Best steel ETFs to buy in 2022
Let’s take a look at the best ETFs to invest in.
1. SPDR S&P Metals & Mining ETF (XME)
The SPDR S&P Metals & Mining ETF seeks to expose investors to metals and mining stocks in the S&P Total Market Index. It holds shares of mining companies in the following subsectors of the metals and mining sector: aluminum, coal, and consumable fuels, copper, diversified metals and mining, gold, precious metals and minerals, silver, and steel. The ETF had 32 holdings as of early 2022, led by the following five:
The ETF is ideal for people seeking an investment focused on the US metals sector. The ETF uses an equal weight strategy, which provides investors with targeted exposure to the entire US metals and mining sectors, including precious metals. It charges a relatively low ETF expense ratio of 0.35%.

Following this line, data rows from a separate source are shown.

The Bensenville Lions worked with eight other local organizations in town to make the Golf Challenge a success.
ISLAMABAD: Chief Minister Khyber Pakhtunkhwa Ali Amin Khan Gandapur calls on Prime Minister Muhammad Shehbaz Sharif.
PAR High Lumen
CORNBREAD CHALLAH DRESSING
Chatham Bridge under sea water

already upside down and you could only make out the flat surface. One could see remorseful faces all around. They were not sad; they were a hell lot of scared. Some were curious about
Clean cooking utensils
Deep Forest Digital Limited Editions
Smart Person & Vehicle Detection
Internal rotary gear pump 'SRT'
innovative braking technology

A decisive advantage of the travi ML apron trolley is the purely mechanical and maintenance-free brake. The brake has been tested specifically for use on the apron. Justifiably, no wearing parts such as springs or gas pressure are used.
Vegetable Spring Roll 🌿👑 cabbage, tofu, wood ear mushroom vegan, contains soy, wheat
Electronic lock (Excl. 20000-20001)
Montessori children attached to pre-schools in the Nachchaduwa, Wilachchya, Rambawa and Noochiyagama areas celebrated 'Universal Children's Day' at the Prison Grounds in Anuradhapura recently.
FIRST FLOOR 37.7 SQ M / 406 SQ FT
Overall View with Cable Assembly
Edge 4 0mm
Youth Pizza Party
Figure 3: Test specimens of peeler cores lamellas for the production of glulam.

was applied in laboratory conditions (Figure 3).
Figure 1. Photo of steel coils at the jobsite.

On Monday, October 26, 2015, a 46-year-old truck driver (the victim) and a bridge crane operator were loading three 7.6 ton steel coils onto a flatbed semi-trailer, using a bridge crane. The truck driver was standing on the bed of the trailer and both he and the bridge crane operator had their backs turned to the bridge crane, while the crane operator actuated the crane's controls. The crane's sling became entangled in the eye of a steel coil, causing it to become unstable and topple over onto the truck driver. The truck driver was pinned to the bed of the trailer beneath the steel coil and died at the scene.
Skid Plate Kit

The fund has returned 54.8% over the past year and 29.2% annually over the past three years, 16.9% per year over the past five years, and 3.8% per year over the past decade. Recently, in March 2022, XME returned 16.5%. It has an R-squared of 55%, a beta of 1.67, and a standard deviation of 39.1%. It has a high total risk rating.
2. VanEck Rare Earth/Strategic Metals ETF (REMX)

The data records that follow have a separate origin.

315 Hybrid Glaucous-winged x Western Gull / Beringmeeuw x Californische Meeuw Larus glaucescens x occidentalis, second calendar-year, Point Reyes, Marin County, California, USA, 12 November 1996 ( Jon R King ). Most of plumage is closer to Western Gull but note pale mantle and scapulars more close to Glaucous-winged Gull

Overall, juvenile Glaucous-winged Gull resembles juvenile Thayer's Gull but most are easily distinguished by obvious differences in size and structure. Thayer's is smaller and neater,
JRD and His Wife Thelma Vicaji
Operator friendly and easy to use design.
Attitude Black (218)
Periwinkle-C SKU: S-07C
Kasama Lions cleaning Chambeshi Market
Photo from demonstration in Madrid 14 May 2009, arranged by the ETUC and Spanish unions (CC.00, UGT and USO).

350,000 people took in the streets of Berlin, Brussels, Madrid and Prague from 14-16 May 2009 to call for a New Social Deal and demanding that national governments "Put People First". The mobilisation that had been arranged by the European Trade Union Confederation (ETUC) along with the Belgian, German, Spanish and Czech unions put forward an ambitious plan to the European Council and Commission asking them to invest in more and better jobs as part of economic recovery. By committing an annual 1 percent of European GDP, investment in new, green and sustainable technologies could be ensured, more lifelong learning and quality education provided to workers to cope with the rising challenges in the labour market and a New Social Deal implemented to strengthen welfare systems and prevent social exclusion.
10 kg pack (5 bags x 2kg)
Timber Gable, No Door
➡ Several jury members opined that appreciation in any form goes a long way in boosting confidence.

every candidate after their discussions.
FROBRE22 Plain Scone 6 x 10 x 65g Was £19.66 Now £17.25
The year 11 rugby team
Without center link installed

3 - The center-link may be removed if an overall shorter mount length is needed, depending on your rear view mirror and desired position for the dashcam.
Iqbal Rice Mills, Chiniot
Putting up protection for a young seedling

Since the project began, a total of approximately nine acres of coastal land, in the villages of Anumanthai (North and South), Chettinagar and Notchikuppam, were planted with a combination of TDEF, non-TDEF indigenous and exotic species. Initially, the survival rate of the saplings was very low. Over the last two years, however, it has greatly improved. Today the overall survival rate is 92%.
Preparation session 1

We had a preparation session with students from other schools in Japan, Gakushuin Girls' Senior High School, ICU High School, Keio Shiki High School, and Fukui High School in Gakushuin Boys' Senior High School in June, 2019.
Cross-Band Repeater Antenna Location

The VanEck Rare Earth/Strategic Metals ETF gives investors targeted exposure to companies focused on producing, refining, and recycling rare earth and strategic metals and minerals. The ETF held shares of 20 rare earth and strategic metals companies as of early 2022.

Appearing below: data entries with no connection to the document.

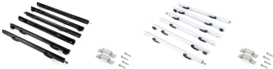
ANTI-FLAP KIT PRO+ – BLACK PART NUMBER: 24000000000080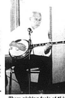
These picking fools of "Live Longer and Like It Band" having a little showdown on the banjo and electric guitar.

Other activities scheduled this week included a memorial service for friends of JMHC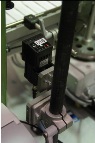
Option : a vision system checks presence of label, or reads label information (Track & trace)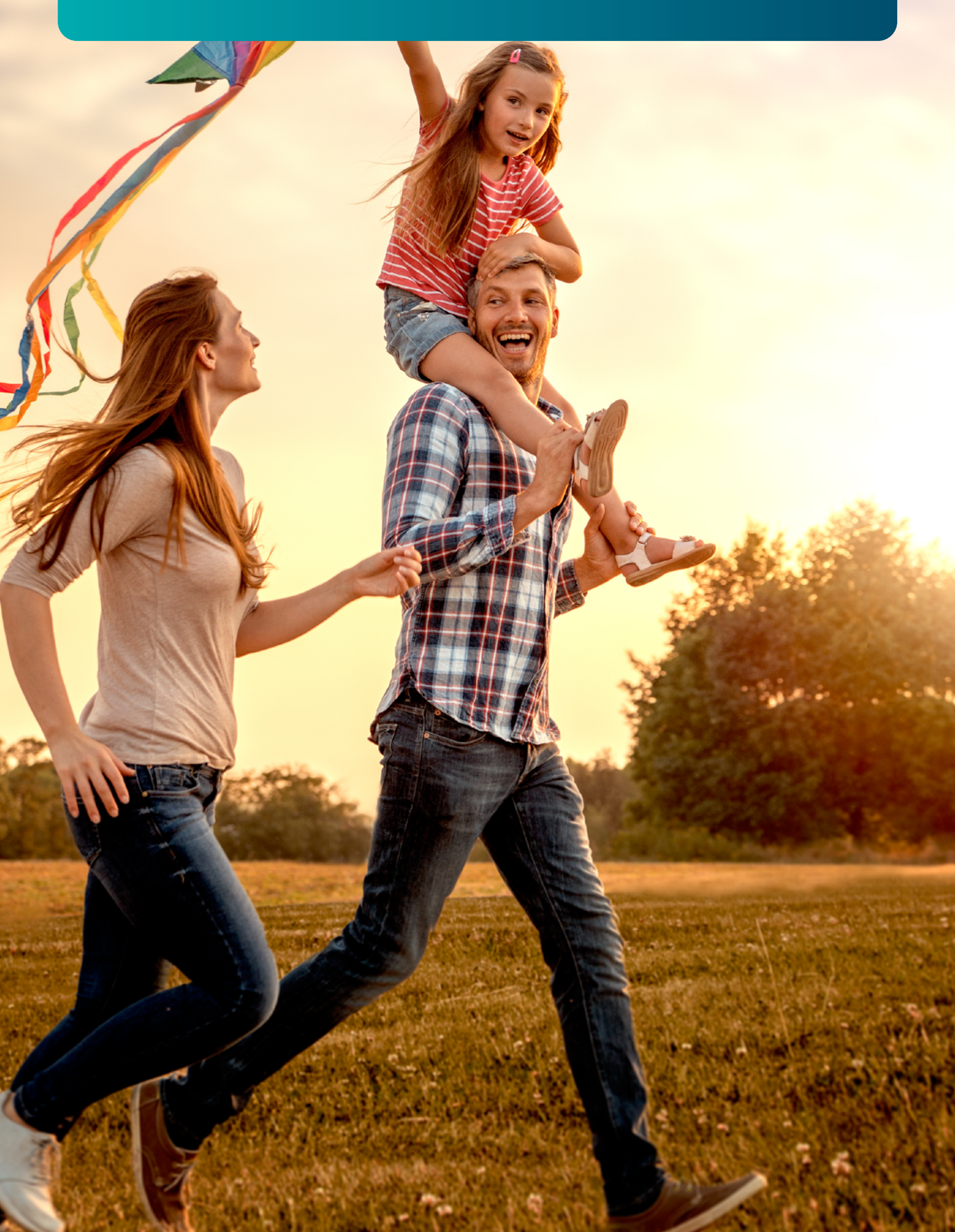
Chapter 2 Specific Objectives of the Innovative Health Initiative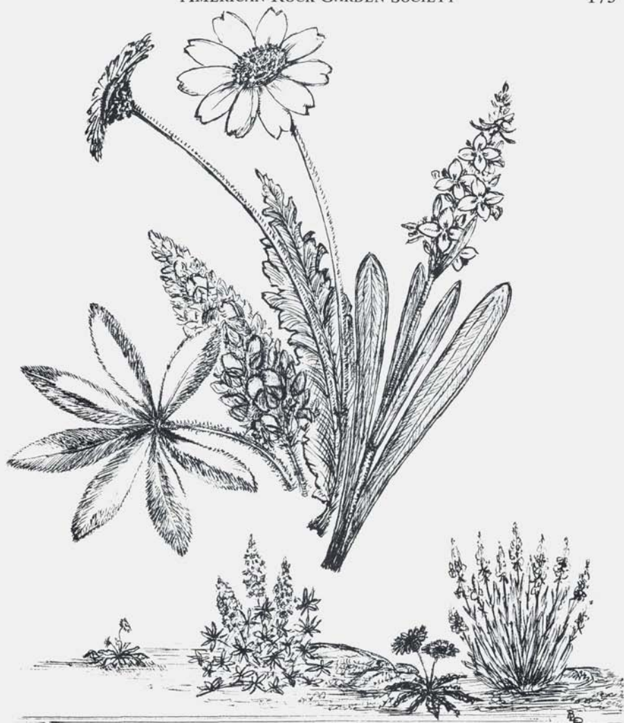
Lupinus lepidus aridus , Balsamorhiza rosea and Frasera albicaulis .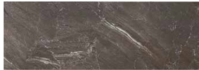
RECIFE ANTRACITA 31,6x90x0,9cm P3470438 / 100093298 G261 Butech recomienda junta / Butech recommends joint: Colorstuk Rapid n Antracita B22502005 / 100004298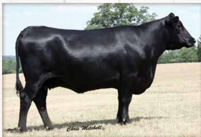
B/R Blackcap Empress 8183 / The Pathfinder Grandam of Lot 24.

The ETF allows investors to own a basket of companies focused on important mining materials for the technology and green energy sectors. It charges a modest fee of 0.59% for access to these emerging metals.
The fund has returned 66.6% over the past year and 39.7% annually over the past three years, 22.3% per year over the past five years, and -2.3% per year over the past decade. Recently, in March 2022, REMX returned 7.5%. It has an R-squared of 39%, a beta of 1.40, and a standard deviation of 38.9%. It has a high total risk rating.
3. Invesco DB Base Metals Fund (DBB)
The Invesco DB Base Metals Fund enables investors to conveniently and cost-effectively invest in commodity futures. The fund focuses on some of the most liquid and widely used base metals, such as aluminum, zinc, and copper.
The ETF uses leverage and collateralizes futures contracts with US Treasury bills and other Invesco products built around government debt.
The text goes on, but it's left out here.